# cleaning up mounts ???



## duckbuster808 (Sep 9, 2005)

I was just looking at my Goldeneye mount I just got back the other day and was wondering if there was anything I could do to remove a small spot of blood that is still on the feathers. one of our good friends just started doing taxidermy and he did a decent job on the mount but missed a spot of blood near the tail. what can I do to get rid of it? 

Also, I have a Bufflehead mount that is about 4-5 years old, the cheek patches are starting to turn a little yellow, is there anything I can do to clean it up a little?
Any information would be greatly appreciated.

thanks in advance,
DB808


----------



## Ebowhunter (Apr 5, 2000)

I would be tempted to trim or pull the feathers that are spotted. Blood removing chemicals involve wetting, rinsing, and drying which is difficult on a mounted bird.

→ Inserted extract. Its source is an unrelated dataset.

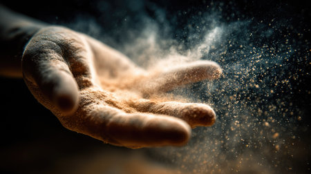 A close-up captures a hand releasing fine particles, creating a dynamic visual effect. The hand's texture contrasts with the blurred, scattered elements. The lighting highlights the particles against a dark background, suggesting a studio setting. This image could be used for various projects, emphasizing texture, motion, or concepts.

I am curious about the yellowing as yellowing is usually due to fat seeping and there is very little fat in the cheeks of waterfowl. Try some windex and let us know. Maybe some kerosene (very carefully, OUTSIDE).


----------



## duckbuster808 (Sep 9, 2005)

Ok...I will do that and let you know how it goes. thanks for the tip...The yellowing is also starting in the white feathers near the primaries on the buffleheads wing.....its not to the point where it is horribly yellow, but I want to kinda clean it up a little so it will last.
Thanks,

DB808


----------



## duckbuster808 (Sep 9, 2005)

Well I tried the Kerosene on the the cheeks and the windex on the back area....neither of them really made a difference....the kerosene helped a little more then the windex but it didn't give it back the true color I was hoping for...any other hints? As for the Goldeneye...I trimmed the feathers and that helped get rid of the problem.
Thanks,
DB808


----------